(Beginning of EXERCISE MATERIALS)

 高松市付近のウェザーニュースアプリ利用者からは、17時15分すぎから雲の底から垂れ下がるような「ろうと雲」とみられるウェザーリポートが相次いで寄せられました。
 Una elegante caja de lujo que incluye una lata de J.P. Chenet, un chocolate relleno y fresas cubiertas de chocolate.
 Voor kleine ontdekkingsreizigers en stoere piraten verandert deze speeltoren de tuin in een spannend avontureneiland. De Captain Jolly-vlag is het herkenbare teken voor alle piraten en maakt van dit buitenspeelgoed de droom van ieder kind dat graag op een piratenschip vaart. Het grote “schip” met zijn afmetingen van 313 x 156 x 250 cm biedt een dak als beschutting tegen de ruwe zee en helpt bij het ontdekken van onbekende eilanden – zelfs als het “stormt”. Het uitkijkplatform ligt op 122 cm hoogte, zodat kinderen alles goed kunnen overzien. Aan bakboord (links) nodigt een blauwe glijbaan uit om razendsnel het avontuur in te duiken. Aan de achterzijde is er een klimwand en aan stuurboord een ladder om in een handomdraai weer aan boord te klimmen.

(End of EXERCISE MATERIALS)
(Beginning of EXERCISE MATERIALS)

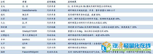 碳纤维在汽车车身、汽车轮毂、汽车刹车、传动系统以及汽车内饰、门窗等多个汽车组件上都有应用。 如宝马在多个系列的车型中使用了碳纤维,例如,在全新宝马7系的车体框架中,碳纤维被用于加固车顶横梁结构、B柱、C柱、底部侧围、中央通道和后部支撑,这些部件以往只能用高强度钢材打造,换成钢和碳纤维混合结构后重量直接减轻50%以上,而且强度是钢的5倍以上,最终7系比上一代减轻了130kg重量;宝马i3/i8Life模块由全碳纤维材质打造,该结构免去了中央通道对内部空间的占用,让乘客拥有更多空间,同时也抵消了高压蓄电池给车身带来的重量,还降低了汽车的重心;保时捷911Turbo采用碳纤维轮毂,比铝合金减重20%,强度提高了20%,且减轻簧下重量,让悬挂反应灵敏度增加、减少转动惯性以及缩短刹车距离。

(End of EXERCISE MATERIALS)

→ **INSTRUCTIONS TO FOLLOW**:
Write out only the lines that run from the line containing "高松市付近のウェザーニュース" through the line containing "Voor kleine ontdekkingsreizigers", both included, exactly as they appear above.

→ **RESULT**:
 高松市付近のウェザーニュースアプリ利用者からは、17時15分すぎから雲の底から垂れ下がるような「ろうと雲」とみられるウェザーリポートが相次いで寄せられました。
 Una elegante caja de lujo que incluye una lata de J.P. Chenet, un chocolate relleno y fresas cubiertas de chocolate.
 Voor kleine ontdekkingsreizigers en stoere piraten verandert deze speeltoren de tuin in een spannend avontureneiland. De Captain Jolly-vlag is het herkenbare teken voor alle piraten en maakt van dit buitenspeelgoed de droom van ieder kind dat graag op een piratenschip vaart. Het grote “schip” met zijn afmetingen van 313 x 156 x 250 cm biedt een dak als beschutting tegen de ruwe zee en helpt bij het ontdekken van onbekende eilanden – zelfs als het “stormt”. Het uitkijkplatform ligt op 122 cm hoogte, zodat kinderen alles goed kunnen overzien. Aan bakboord (links) nodigt een blauwe glijbaan uit om razendsnel het avontuur in te duiken. Aan de achterzijde is er een klimwand en aan stuurboord een ladder om in een handomdraai weer aan boord te klimmen.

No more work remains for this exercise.